Carbon price announcement praised

The Edmund Rice Centre today congratulated the Federal Government on the decision to introduce a carbon price from July next year, with Green and Independent support.

The decision proposes an initial carbon tax rising at an agreed annual rate before moving to an emissions trading scheme with a market-determined price sometime between 2015 and 2017. 

ERC Director Phil Glendenning said: “The Government’s decision is a step in the right direction to stimulate sufficient investment to help Australia achieve 30 per cent of our energy needs from renewable sources by 2020.”

For the past five years the Edmund Rice Centre has been deeply engaged in the campaign to give voice to the people of those Pacific Island communities which are most affected by climate change. These include Kiribati, Tuvalu, the Cook Islands, the Marshall Islands, Nauru, Niue, and Palau. A number of Torres Strait Islander communities at the northern tip of Queensland are also threatened.

“It is important that Australia provides a leadership role on climate change within our region,” Mr Glendenning said.

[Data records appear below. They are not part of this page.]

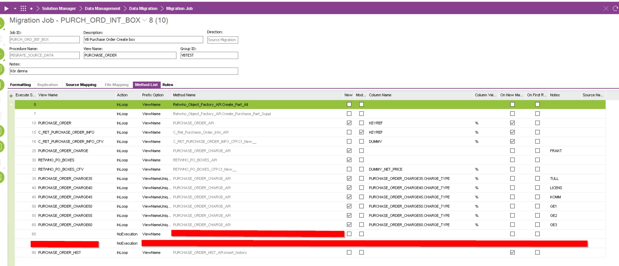 Im creating a job in app9 to read in a purchase order through migration job, which calls many methods.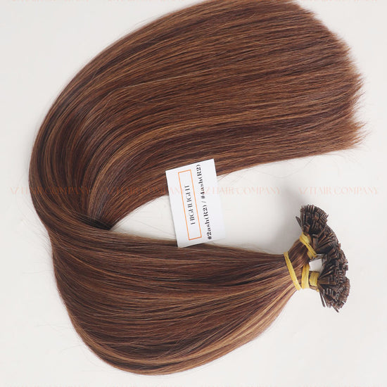 Flat Tip Hair Extensions in Color Highlight (#2ash/4ash) – A luxurious cool ash highlight effect that looks natural, sophisticated, and ultra-trendy, giving the impression of professionally dyed hair. The hair is colored in a true ash tone that is long-lasting and resistant to yellowing over time. Made from premium Vietnamese Remy hair with secure, comfortable, and durable Flat Tip Keratin bonds, these extensions are the perfect choice for clients who want a fashionable, on-trend hairstyle while maintaining a completely natural look.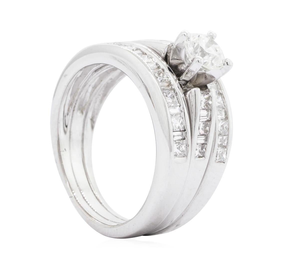 One set electronically tested 14KT white gold Ladies combination cast & assembled wedding ring soldered to wedding bands with a tapered shank with a bright polish finish. The featured Ladies ring set has a triple shank measuring 4.10 millimeters wide. Condition is used, good workmanship. Containing: One prong set round brilliant cut diamond, measuring 4.65 - 4.60 x 2.96mm (depth est.) , 5.00.%. GTCF approximate weight of 0.43ct. Graded in the setting. Color G - H Clarity SI-2 Cut Good Twenty channel set princess cut diamonds, measuring 1.70 x 1.65 x 1.24mm (depth est.) approximate total weight of 20 Stones = 0.57ct. Graded in the setting. Color H - I Clarity VS-2 to SI-1 Cut Very Good Sixteen channel set baguette cut diamonds, measuring from 1.75 x 1.00 x 0.85mm (depth est.) to 1.80 x 1.20 x 1.02mm (depth est.) approximate total weight of 16 Stones = 0.27ct. Graded in the setting. Color H - I Clarity VS-2 to SI-1 Cut Good. Total Weight of Diamonds 1.27ct. Total Weight of Ring Soldered To Wedding Bands 6.40gm. GAS Appraised.
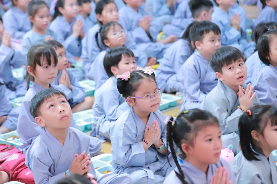 Tại chánh điện, dưới sự hướng dẫn của Ni sư Thích nữ Huệ Đức, trụ trì chùa cùng các Sư cô, các bé nghiêm trang chắp tay lễ Phật, đồng thanh trì tụng câu thần chú của Đức Bồ-tát Quán Thế Âm “Om Mani Padme Hum” và chú của Đức Văn Thù “Om Ah Ra Ba Sa Na Dhi”.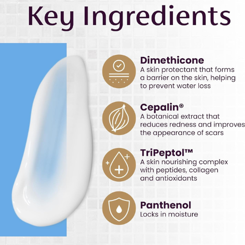Active Ingredients: Dimethicone (2 %), Skin protectant. Inactive Ingredients: Water, Cetearyl Alcohol, Pentylene Glycol, C12-15 Alkyl Benzoate, Dicaprylyl Carbonate, Glycerin, Arachidyl Alcohol, Alcohol, Aloe Barbadensis Leaf Juice, Cyclopentasiloxane, Behenyl Alcohol, Cyclohexasiloxane, Arachidyl Glucoside, Allium Cepa (Onion) Bulb Extract, Fragrance, Cetearyl Glucoside, Tocopheryl Acetate, Hydroxyethyl Acrylate/Sodium Acryloyldimethyl Taurate Copolymer, Hydroxyethylcellulose, Glycine, Panthenol, Hydrolyzed Collagen, PEG-400, Polysorbate 60, Sorbitan Isostearate, Citric Acid, Sodium Hydroxide, Alanine, Arginine HCI, Aspartic Acid, Glucose, Glutamic Acid, Isopropyl Alcohol, Leucine, Lysine HCI, Mannitol, Sodium Lactate, Sorbitol, Tromethamine, Valine, Potassium Sorbate, Sodium Benzoate, Tocopherol, Bis (Tripeptide-1) Copper Acetate, Histidine HCI, Hydrolyzed Soy Protein, Isoleucine, Phenylalanine, Tyrosine.

“We have seen the human face of disasters in the Queensland and Victorian floods. Australia and our neighbours in Pacific Island communities face ever larger king tides, bigger storm surges and longer droughts,” he said. 

“But the Pacific islands have fewer material resources to handle the challenge of climate change. We need to see the human face of a slowly evolving disaster that threatens our Pacific Island neighbours” 

A United Nations climate change panel predicts that sea level rises caused by climate change will make many islands of Kiribati uninhabitable because of salination by 2100.

“Pacific Island countries, which themselves have contributed next to nothing to the human causes of climate change, have most to gain from the reduction in greenhouse gas emissions that will result from measures such as Australia’s carbon tax,” Mr Glendenning affirmed.

“The tax will help investors to realise that coal is yesterday’s fuel,” he concluded.